INSTRUCTIONS FOR THE TASK.
Word for word, please restate the line that contains "Moderní jednoduchá obývací" and all lines after it through the end of the material, minus the pictures.

___ DATA EXCERPTS

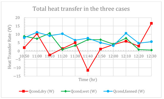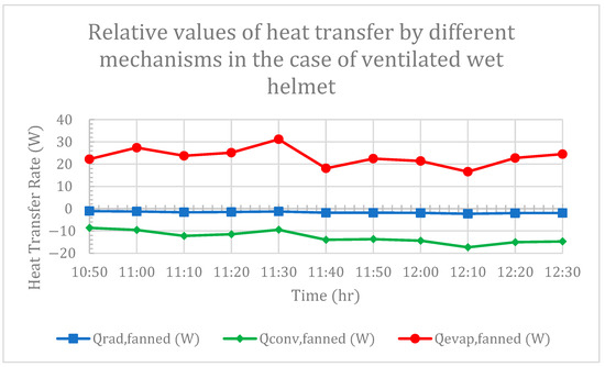 The total heat transfer in the three cases considered can be evaluated by evaluating the heat transfer by conduction through the helmet shell. The reason for this is that the heat flow itself turns into other mechanisms such as convection, radiation, and evaporation after leaving the outer surface. The conduction heat transfer in the three cases can be evaluated based on the temperatures of the inner and outer surfaces recorded experimentally. As expected, the ventilated wet helmet has the highest value with an average value of 7.485 W, followed by the wet helmet with an average value of 5.277 W, followed by the dry helmet with an average value of 3.231 W. This means that there was an increase in the cooling rate equivalent to 63.3% when adding the wet cover, to increase to 131.7% when adding the fan with the wet cover. In addition to the advantage of increasing the cooling rate, there was another advantage that appears in Figure 13, which is the increase in the stability of the flow rate with the addition of the wet cover and the achievement of more stability with the addition of the fan.
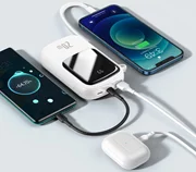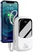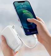 Grazie al fatto che il powerbank ha un cavo con un connettore Lightning all'interno, non è necessario prendere cavi aggiuntivi e la pratica clip consente una facile presa e un comodo trasporto.
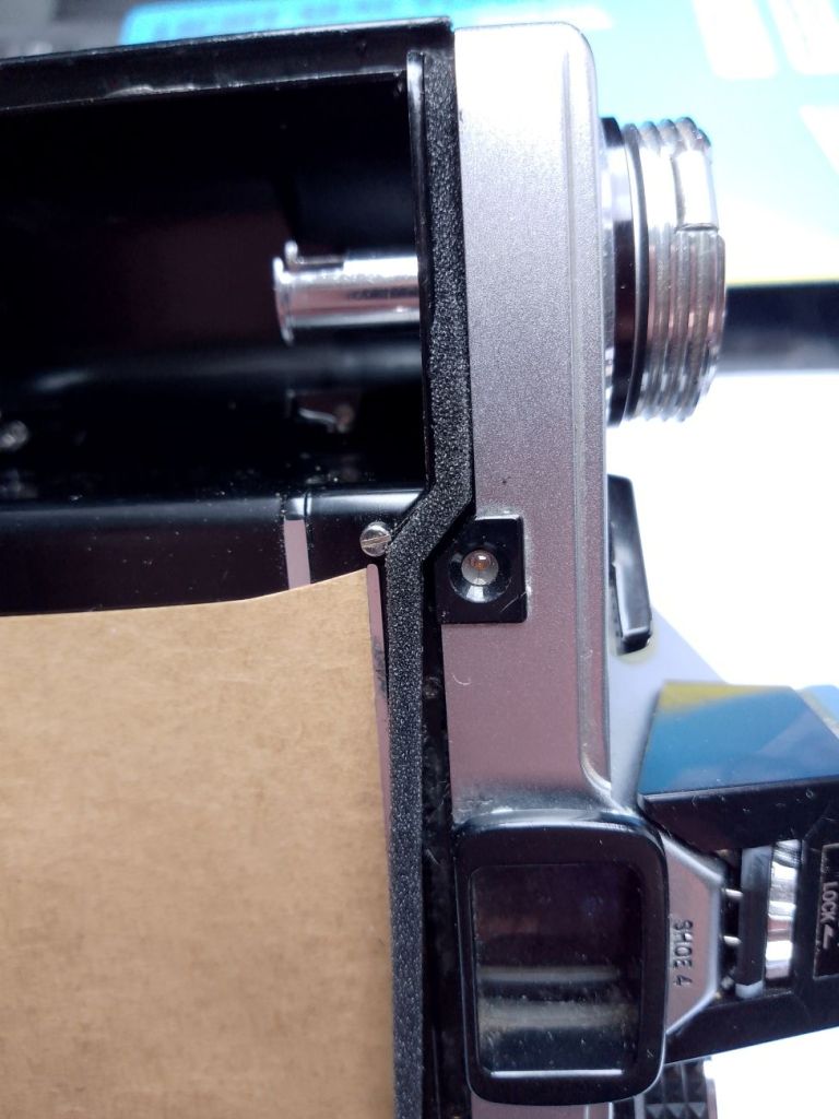 Before I did anything I put some suitable tape over the shutter, being careful not to touch the shutter blind itself. Then as it’s pretty easy to do with the Olympus, I took off the back door. It’s a simple matter of just sliding that screw right by the hinge. You can see from the photo to the right, the state of the foam. It is recommended to remove all the “gunk” with alcohol, I didn’t have any to hand so I used methylated spirits – seemed to work just fine! I used a very small panitbrush to dab on the meths sparingly. Leave a minute, have a scrape, repeat. After about an hour most of the old foam and glue was gone. A final wipe over completed the job.
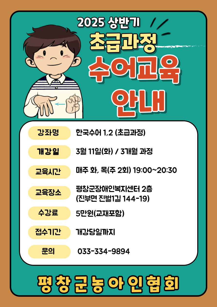 4. 교육장소: 평창군장애인복지센터 2층 농아인협회(진부면 진벌1길 144-19)
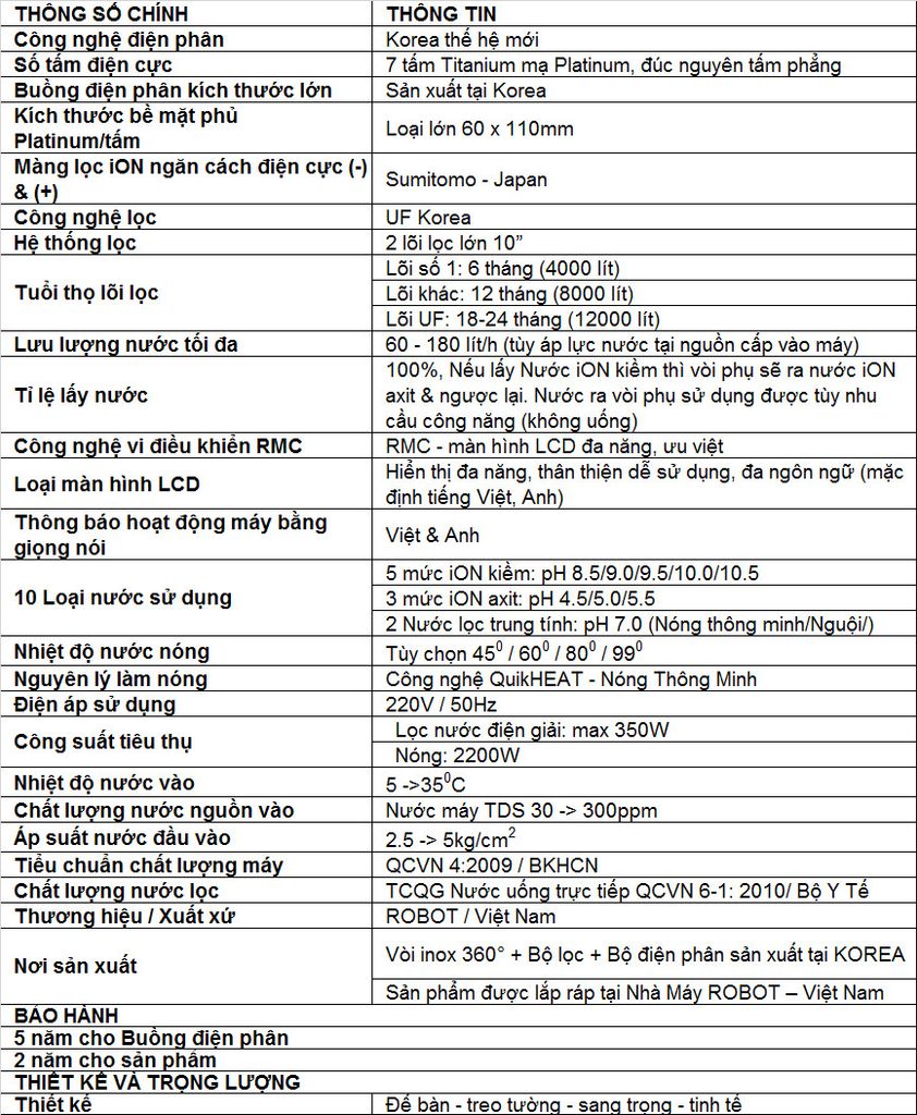 - Với mong muốn nhiều gia đình Việt có thể sử dụng nước điện giải iON kiềm với chi phí hợp lý để bảo vệ sức khỏe, sắc đẹp & nâng cao chất lượng cuộc sống, ROBOT mang đến sản phẩm “Chất lượng Quốc tế - Giá thành Việt Nam”, phù hợp với mức sống của nhiều người. Tiết kiệm cho người tiêu dùng đến 1 nửa chí phí so với máy nhập khẩu, nhưng sở hữu nhiều ưu điểm, tính năng vượt trội, chất lượng cao.
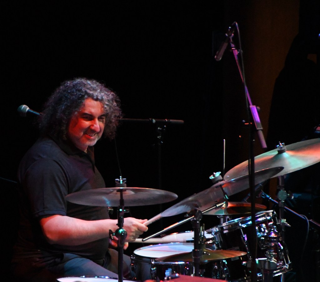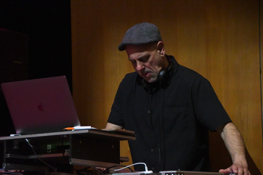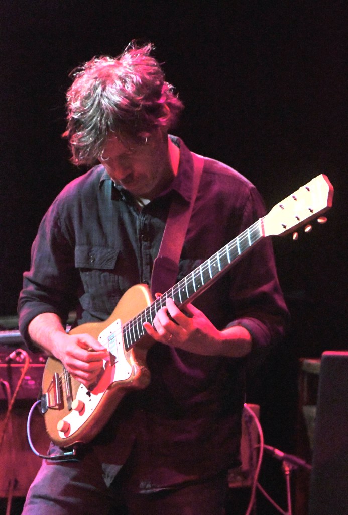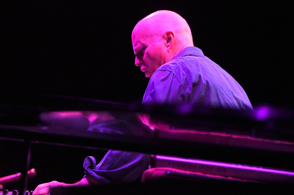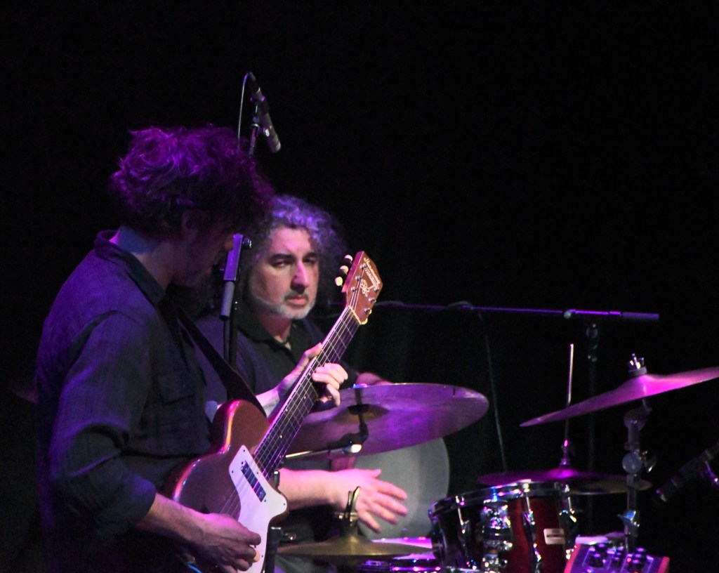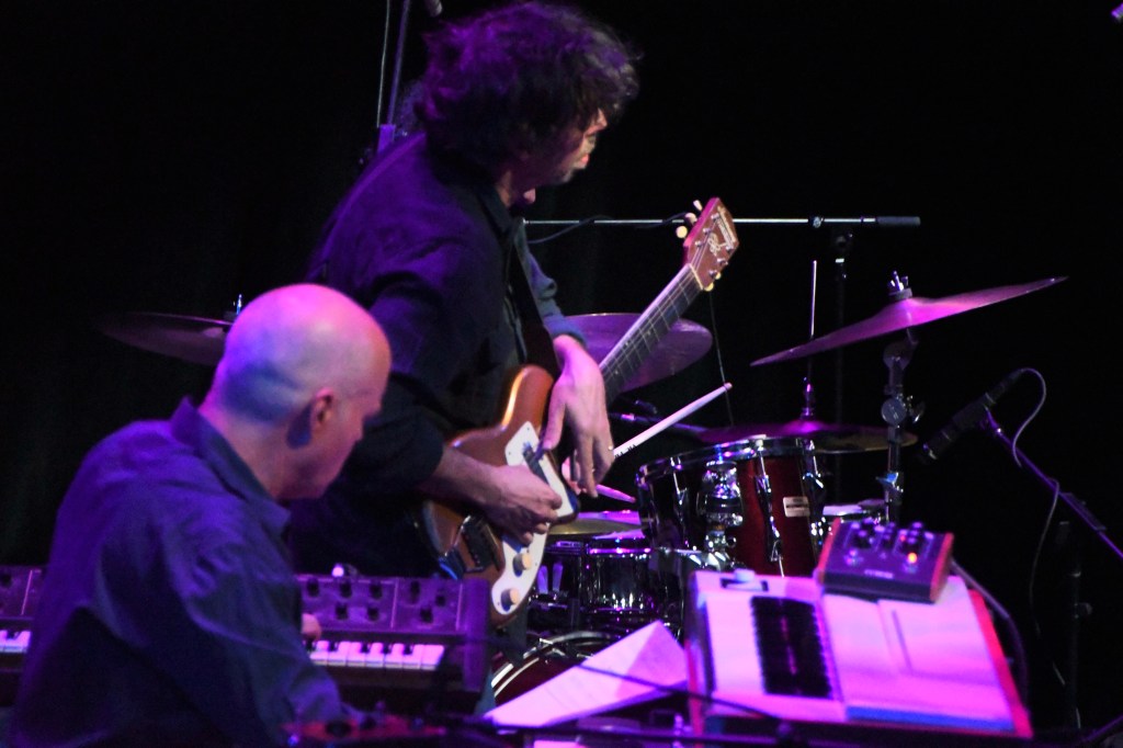 The flow-in music turntablist Mister Rourke had played as fans filed in gradually picked up passengers as the other players joined. Rivard lay down repeating bass lines on a rectangular fretless Moroccan sintir, simple and strong. His right hand hit its gut strings downward at times, like a (pre-Scruggs) frailing banjoist. When he switched to electric bass guitar later, he mostly plucked upwards, conventionally, but kept his distinctive, quietly urgent flavor. Drummer Fabio Pirozzolo kept that same pulse, but decorated it. Metzger’s guitar formed a bridge between bass and drums below and Medeski’s (eight!) keyboards in solos as wild as Rourke’s turntables up top.
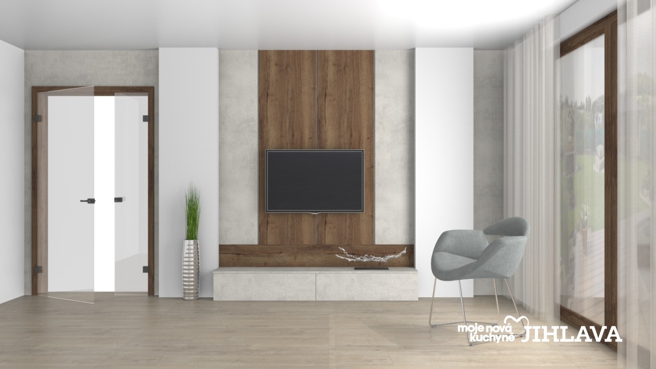 Moderní jednoduchá obývací stěna v kombinaci Cora Dub Terra a Celine Concrete White.
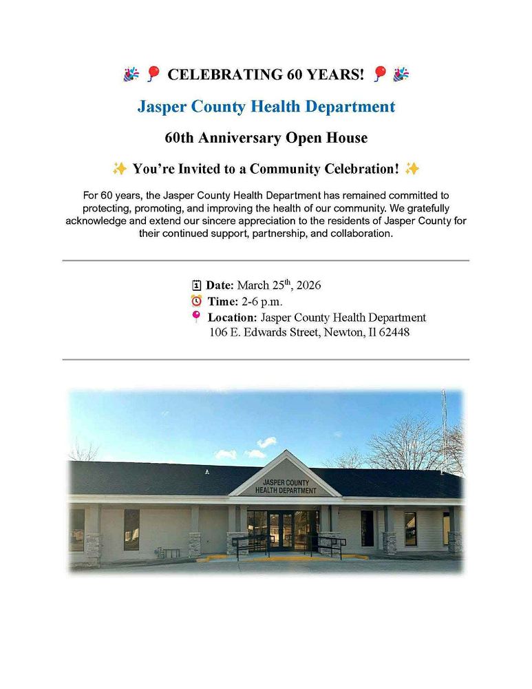 Residents are invited to attend the 60th Anniversary Open House on Tuesday, March 25, 2026, from 2:00 p.m. to 6:00 p.m. at the Jasper County Health Department, located at 106 E. Edwards Street in Newton.
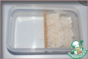 В Японии для бэнто используют специальные ланч-боксы. Вы можете взять обыкновенный контейнер для продуктов (для разогрева в микроволновой печи, например). Разделяем перегородкой контейнер на 2 части (я взяла вафельный хлебец), выкладываем на 1 половинку рис.
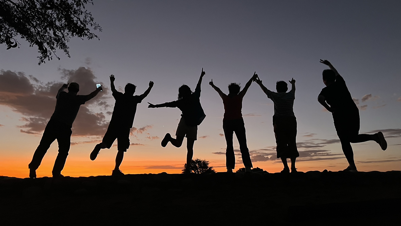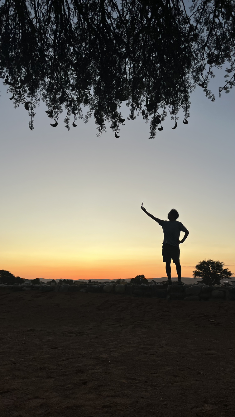 나미비아에서 맞은 석양 중에는 세 번째로 좋았지만, 그 정도로도 충분히 좋았다. 다른 두 번의 석양은 너무 좋았고. 석양을 배경으로 아카시 나무 아래서 실루엣 사진을 찍었는데 제법 잘 나왔다. 석양에 취한 최고령 참가자까지 점프샷에 동참하셨다.
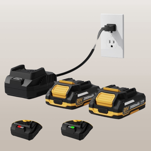Carga más rápida y sin complicaciones: A veces los clientes se molestan al esperar demasiado tiempo para cargar la batería. Pero con el soplador de hojas inalámbrico LAZYBOI obtendrás la comodidad de una carga rápida de 1 hora. El indicador LED muestra rojo mientras se carga y verde cuando está completamente cargado. El juego inalámbrico de soplador de hojas viene con un cargador rápido y dos baterías de 2.0ah 21v que mantienen 40 minutos de trabajo para el modo de baja velocidad y 30 minutos para el modo de alta velocidad.

______

EXPECTED ANSWER.
 Moderní jednoduchá obývací stěna v kombinaci Cora Dub Terra a Celine Concrete White.
 Residents are invited to attend the 60th Anniversary Open House on Tuesday, March 25, 2026, from 2:00 p.m. to 6:00 p.m. at the Jasper County Health Department, located at 106 E. Edwards Street in Newton.
 В Японии для бэнто используют специальные ланч-боксы. Вы можете взять обыкновенный контейнер для продуктов (для разогрева в микроволновой печи, например). Разделяем перегородкой контейнер на 2 части (я взяла вафельный хлебец), выкладываем на 1 половинку рис.
 나미비아에서 맞은 석양 중에는 세 번째로 좋았지만, 그 정도로도 충분히 좋았다. 다른 두 번의 석양은 너무 좋았고. 석양을 배경으로 아카시 나무 아래서 실루엣 사진을 찍었는데 제법 잘 나왔다. 석양에 취한 최고령 참가자까지 점프샷에 동참하셨다.
Carga más rápida y sin complicaciones: A veces los clientes se molestan al esperar demasiado tiempo para cargar la batería. Pero con el soplador de hojas inalámbrico LAZYBOI obtendrás la comodidad de una carga rápida de 1 hora. El indicador LED muestra rojo mientras se carga y verde cuando está completamente cargado. El juego inalámbrico de soplador de hojas viene con un cargador rápido y dos baterías de 2.0ah 21v que mantienen 40 minutos de trabajo para el modo de baja velocidad y 30 minutos para el modo de alta velocidad.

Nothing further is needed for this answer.